背中に衝撃と、熱い感覚が走ったのはその直後だったよ。
ああ、どうも背中を斬られたらしい。
ありえねぇだろ?
後ろで剣を構えた男がブツブツと、酔ったような笑みを浮かべながら、何かいってたのは覚えてる。
気でも狂ってんじゃねぇかと思ったよ。
その後はもう、意識を失ってぶっ倒れたみてぇだ。
ほんと、良く生きてたと思うぜ、自分でもな。
後で聞いたが、その後シュリエが泣き叫んで、真っ青な顔して俺と一緒に気絶して、そらもう大変だったらしいや。
おいおい、嬢ちゃんまで真っ青な顔してどうするんだよ。
……倒れる前は、俺が死んだらシュリエはどうなるんだろうって事ばかり考えてた。
斬った男への恨みは勿論あったが、それよりもシュリエが自立出来るようにしてこなかった自分への不甲斐なさが大きかったな。

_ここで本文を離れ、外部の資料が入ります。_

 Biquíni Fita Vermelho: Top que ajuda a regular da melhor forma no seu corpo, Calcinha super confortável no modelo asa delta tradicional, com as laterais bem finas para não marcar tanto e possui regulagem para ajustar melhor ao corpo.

勇者か? 変な言い訳をかましてすぐさま逃げたらしいぜ。
その後はどうなったかは俺も知らねぇや。
少ししてから、国から見舞金って名目で金を渡されたよ。分かっているな、って口止め付でな。
その男が勇者だって知ったのは、その時だった。
本心から、妹の事を助けようとしてくれたのかもしれねぇ。
ただ、俺が次にアイツの面みたのは、二年後さ。
その時には、どうしても、そうは思えなくなっちまった。
いくら、アイツがいなければ魔王が倒せない、なんて言われてもな。許す気にはなれねぇよ。

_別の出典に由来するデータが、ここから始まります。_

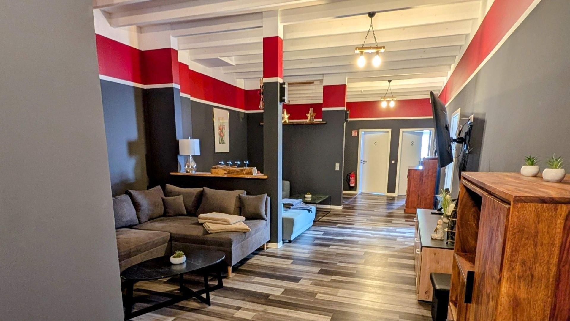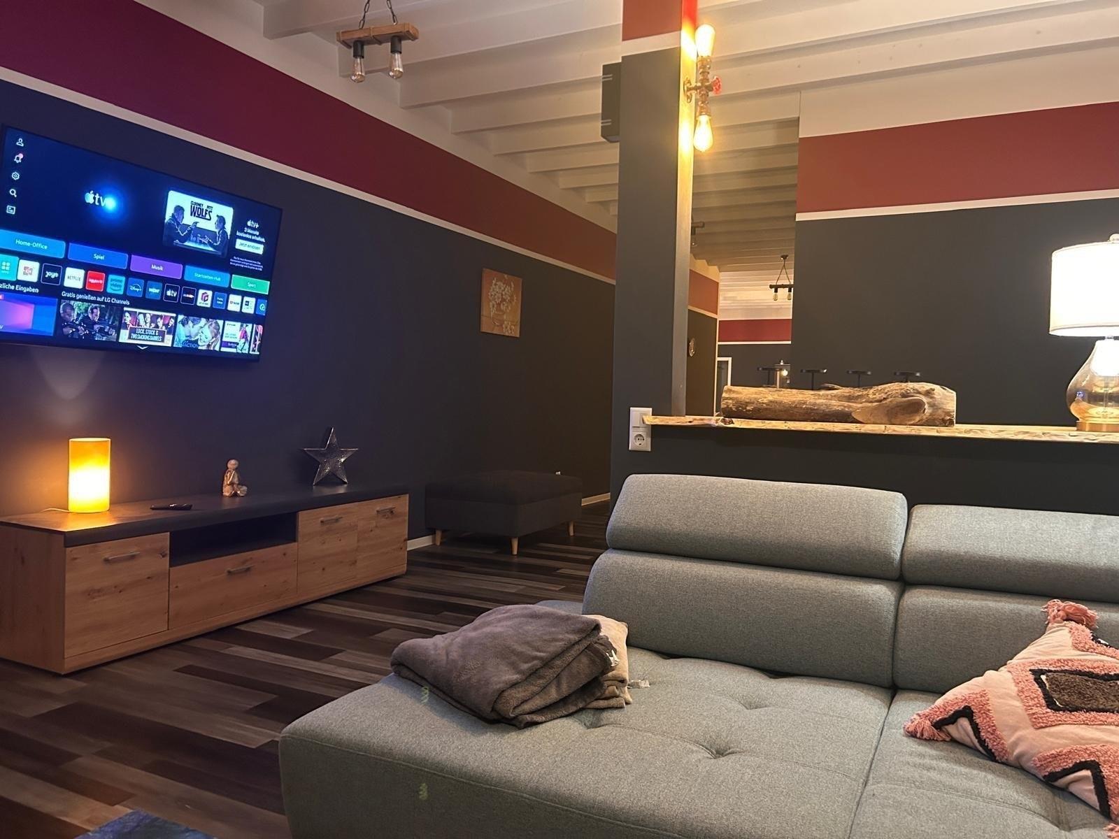 Der gemütliche Aufenthaltsraum mit bequemen Sitzmöglichkeiten und einem großen TV ist der ideale Ort, um sich zu entspannen und gemeinsame Abende zu verbringen.

国……な。……思うところはあるが、恨んじゃいねぇよ。
一を切って百を助ける、そういうやり方があるのも分からねぇでもない。
それに、怪我の功名ってやつかもしれねぇが、見舞金で妹はまともな治療を受けられた。
今じゃすっかり元気にやってる。
現金かもしれねぇが、妹が毎日話してくれるその日あった事。
そこに出てくる奴らが増えて、見た世界が広がって、いつもより笑うようになって……そんなのを見てたら国への恨みなんてのはな、すっかり消えちまった。
な?嬢ちゃんの望むような話じゃあ無かっただろ?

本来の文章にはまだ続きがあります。